>>>>

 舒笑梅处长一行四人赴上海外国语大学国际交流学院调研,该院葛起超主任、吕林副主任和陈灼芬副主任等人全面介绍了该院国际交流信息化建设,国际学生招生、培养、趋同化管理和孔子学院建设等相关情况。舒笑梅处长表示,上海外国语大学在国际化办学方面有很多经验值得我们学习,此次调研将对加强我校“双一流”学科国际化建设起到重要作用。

<<<<
>>>>

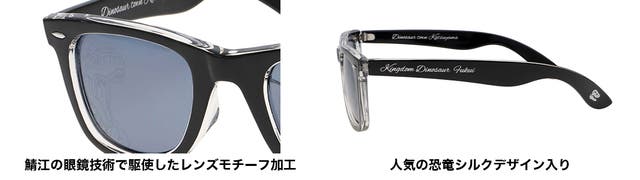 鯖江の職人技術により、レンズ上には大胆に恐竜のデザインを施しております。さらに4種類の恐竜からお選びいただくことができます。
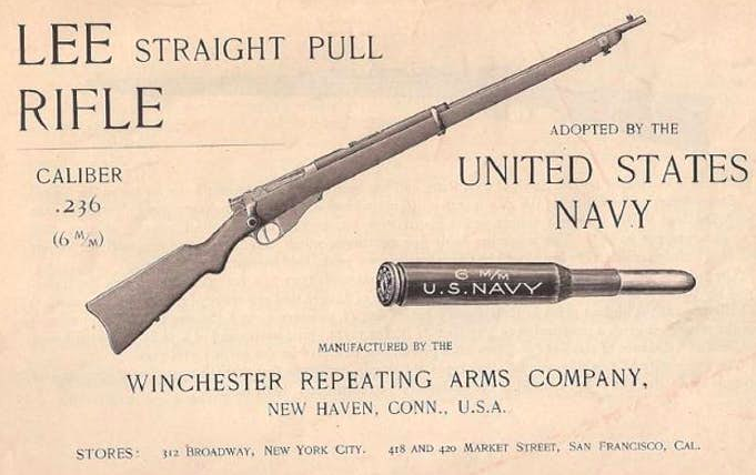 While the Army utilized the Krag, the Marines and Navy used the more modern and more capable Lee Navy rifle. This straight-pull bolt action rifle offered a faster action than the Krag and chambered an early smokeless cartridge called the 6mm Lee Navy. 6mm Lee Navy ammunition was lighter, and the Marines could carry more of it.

<<<<
>>>>

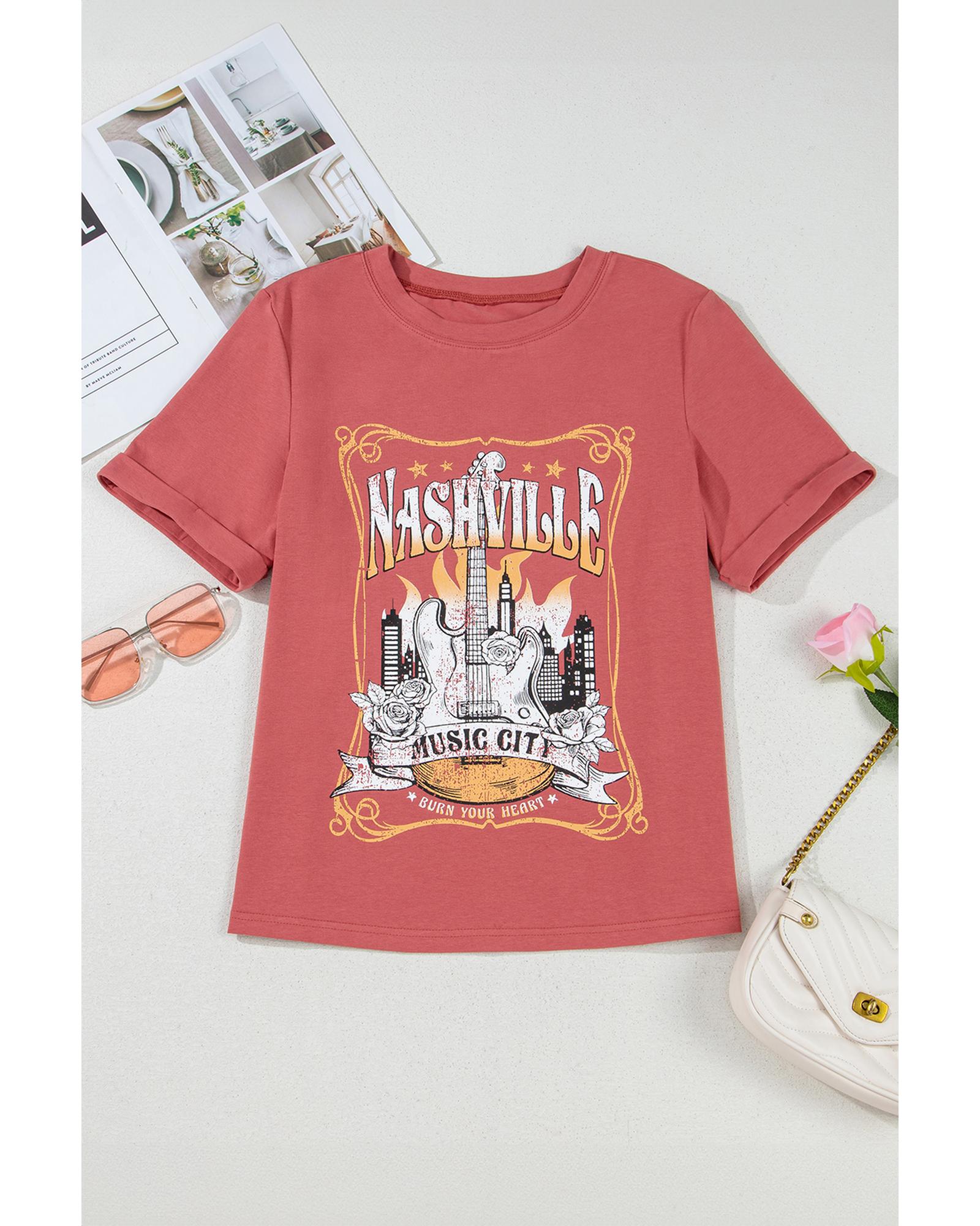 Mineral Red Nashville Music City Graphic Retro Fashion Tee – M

<<<<

PROBLEM DETAILS |
Copy out the listing above from the line containing "鯖江の職人技術により、レンズ" to the line containing "While the Army", both included, exactly as written and minus the images.

ANSWER SECTION |
 鯖江の職人技術により、レンズ上には大胆に恐竜のデザインを施しております。さらに4種類の恐竜からお選びいただくことができます。
 While the Army utilized the Krag, the Marines and Navy used the more modern and more capable Lee Navy rifle. This straight-pull bolt action rifle offered a faster action than the Krag and chambered an early smokeless cartridge called the 6mm Lee Navy. 6mm Lee Navy ammunition was lighter, and the Marines could carry more of it.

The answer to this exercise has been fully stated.